We assessed the incidence of hepatocellular carcinoma (HCC) in those outside of current treatment recommendations and risk factors associated with HCC development. A multi-centre, retrospective cohort of 3624 patients who were monitored without antiviral treatment was analysed. Incident HCC risk according to the Asian Pacific Association for the study of the Liver (APASL), the American Association for the Study of Liver Disease (AASLD) and the European Association for the Study of the Liver (EASL) treatment recommendations was assessed. A risk score was developed using independent factors associated with HCC development among patients who were outside current treatment criteria. During a median follow-up of 4.6 years, incident HCC was diagnosed in 161 (4.4%) patients. The proportions of patients who developed HCC outside treatment recommendation according to APASL, AASLD and EASL criteria were 64.0%, 46.0% and 33.5%, respectively. The 5-year cumulative HCC incidence rate was 13.9% for cirrhotic patients with low-level viremia and 6.1 ~ 7.3% for chronic hepatitis patients with elevated HBV DNA levels plus mildly elevated alanine aminotransferase levels. Among patients who were outside treatment recommendation, age, sex, hepatitis B e antigen, cirrhosis, alanine aminotransferase and platelet levels were independent factors associated with HCC development.
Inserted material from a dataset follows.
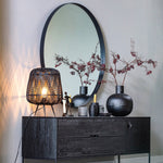 The black thick-framed round mirror can be a stylish and bold addition to your home decor which adds a touch of drama and can serve as a focal point in the room.

When these factors were used to calculate the risk score for each patient, those with a score ≥8 had a higher HCC incidence rate (14.3% at 5-year), although they were currently outside treatment recommendations. Thus, HCC was observed among patients who were outside current treatment criteria indicating that careful monitoring for HCC and efforts to identify patients at risk are required.

CONFLICT OF INTEREST

The authors declare that they have no competing interests.